→ INSTRUCTIONS FOR THE TASK: An exact transcription of all the data is required, with every image removed.

***** RAW DATA *****

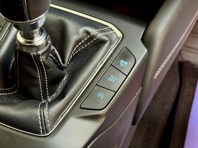 - gear lever gaiter ring with blue stitching
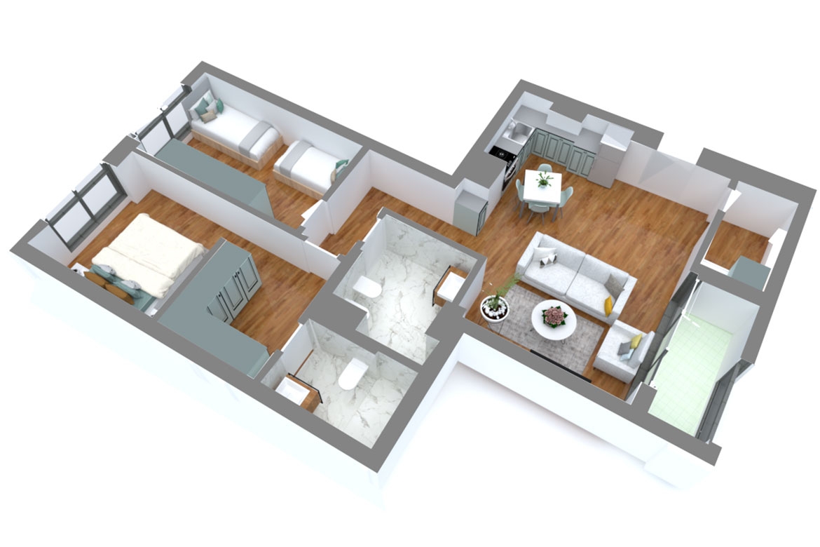 Apartamenti pozicionohet ne katin e tete me orientim jug lindje dhe organizohet nga  nje sallon i bollshem me kuzhine te perbashket, 2 dhoma gjumi dhe 2 tualete. Objekti eshte ne ndertim e siper dhe mbaron ne dhjetor te vitit 2021. Kompleski ku apartamenti ndodhet eshte ideuar si nje hapesire multifunksionale me shume fasilitete dhe cilesi te larte ndertimi.
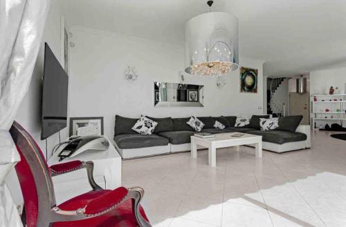 这家别墅配备5间卧室、3间浴室、床上用品、毛巾、带卫星频道的平板电视、用餐区、设施齐全的厨房以及海景露台。这家空调别墅还提供休息区、洗衣机以及3间带淋浴设施和浴缸的浴室。
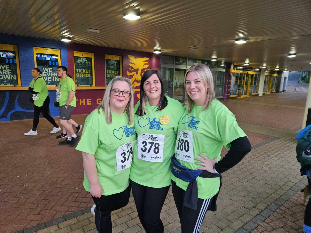 Walkers on the night either followed a 6 or 10 mile route, starting and ending at the John Smith’s Stadium, the home of Rugby League side Huddersfield Giants and football club Huddersfield Town. As they walked the route in their green t-shirts each person had the opportunity to walk in memory of someone special.

*****

→ WRITTEN RESPONSE:
 - gear lever gaiter ring with blue stitching
 Apartamenti pozicionohet ne katin e tete me orientim jug lindje dhe organizohet nga  nje sallon i bollshem me kuzhine te perbashket, 2 dhoma gjumi dhe 2 tualete. Objekti eshte ne ndertim e siper dhe mbaron ne dhjetor te vitit 2021. Kompleski ku apartamenti ndodhet eshte ideuar si nje hapesire multifunksionale me shume fasilitete dhe cilesi te larte ndertimi.
 这家别墅配备5间卧室、3间浴室、床上用品、毛巾、带卫星频道的平板电视、用餐区、设施齐全的厨房以及海景露台。这家空调别墅还提供休息区、洗衣机以及3间带淋浴设施和浴缸的浴室。
 Walkers on the night either followed a 6 or 10 mile route, starting and ending at the John Smith’s Stadium, the home of Rugby League side Huddersfield Giants and football club Huddersfield Town. As they walked the route in their green t-shirts each person had the opportunity to walk in memory of someone special.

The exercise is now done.